# Instruments ranges, doubling, "octaving", etc...book?



## jamesnnnnn

Hi, everyone again.I think that for now I did realized some basic theory for classical and orchestral music, and I can create nice melodies, with nice chord progression.
I do it on piano pretty good, even thought my melodies are stil childish sounding, or they are to mellow, whatsoever, I would like to read some book about instruments for orchestral music.

I discovered that this is the thing that breaks me now, I just openned my project, where I had trombones playing melody, than horns octave up playing melody, and again violins 1 octave up from horns playing melody.
All patches are sustain imm, as I really don't like legato mieow sound while overlaping notes.

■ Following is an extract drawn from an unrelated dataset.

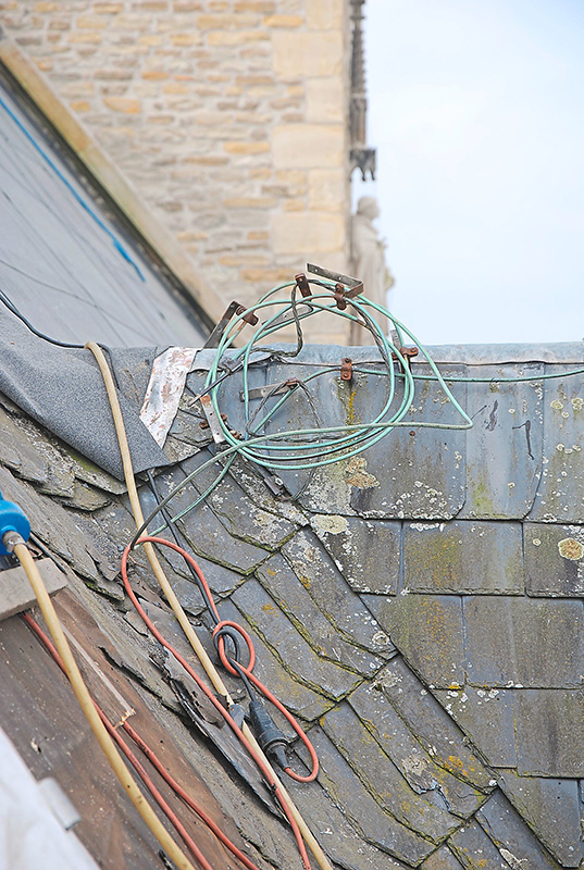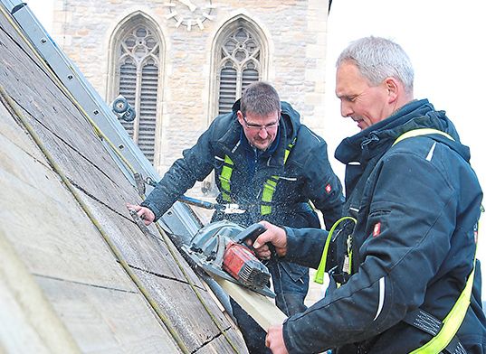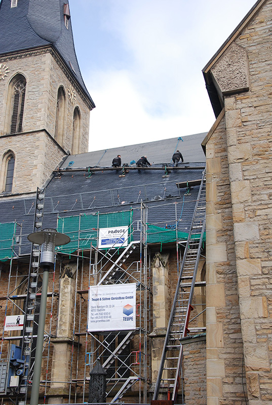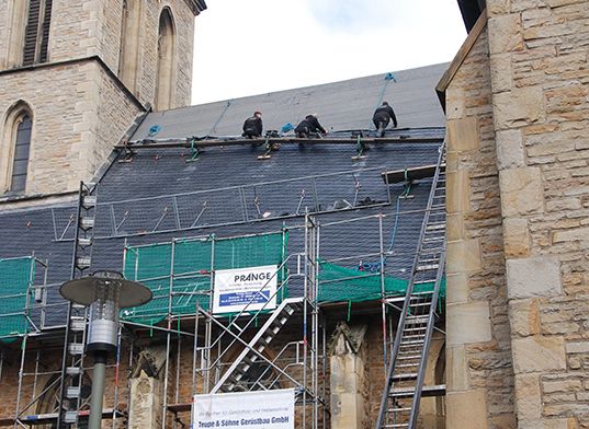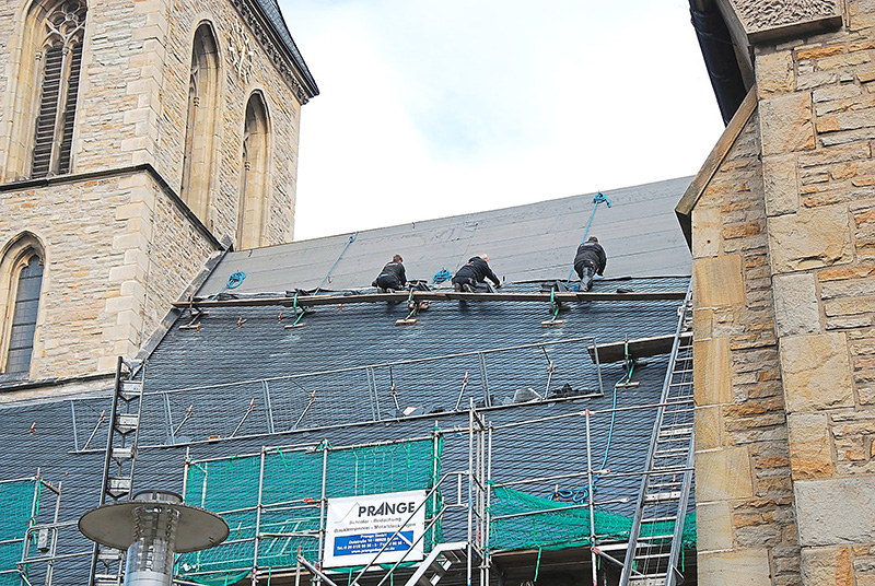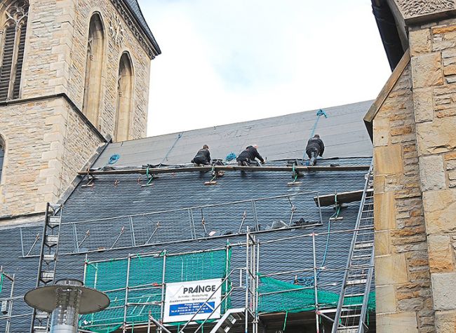 Die aktuellen Arbeiten sind der Schlusspunkt der Sanierung des Gotteshauses, die sich - zunächst innen, später außen - seit Jahren hinzieht. Nach Chor und Turmhelm bekommt jetzt auch das Hauptschiff eine neue Eindeckung aus hochwertigem Moselschiefer. Im Mai soll die Südseite fertig werden, die Nordseite im Laufe des Septembers. „So ein Dach kann 80 bis 100 Jahre halten", hofft Architekt Andreas Holtfrerich, dass die Gemeinde dann vorerst Ruhe hat.

So, yeah, I discovered if I mute violins 1, I get better sound, and it comes to my head, that I actually have no idea about doubling instruments, as you can see i doubled trombones with horns on octave up, which is good i know it, but than i put violins up from that, which for some reason destroyed overal sound and added mudiness to my track.

I also have cellos playing accents with syncopated notes, basses playing accents, violins 2 playing lower octave than violins 1, and violins 2 do play zig-zag melody. (those patches are spiccato).
And of course on all this i have percussions, and I have violas, which are playign some similar but again not the same melody as the main one, and violas are pretty silent to just add some harmonic richness into the track.

__
https://soundcloud.com/jmser%2Forc

Now, when you know my problem, what book would you recommend to me.
I don't need some to teach me how to bow on violin, or is piccolo root note F, or french horn is B, Clarinet B, not that but rather something whats about my problem of doubling and "octaving" instruments.

So, yeah, please anyone can recommend anything, and if you need more details ask me.


----------



## EdwardBast

Look in the references section of this Wikipedia page for texts on orchestration. I own the Piston and Kennan books and have looked at the 19thc texts.

https://en.wikipedia.org/wiki/Orchestration

Beyond that, the secret is to study scores. Choose composers whose orchestration you admire and study what they do.


----------



## Heck148

As a general rule - unison and octave 2bling will thicken the texture, and may make it way too muddy and unclear.
not to say that you can't do it, but do not go overboard...BTW, Schoenberg, a very fine orchestrator purposely avoided octave 2bling whenever he could - he didn't want an excessively thick texture.


----------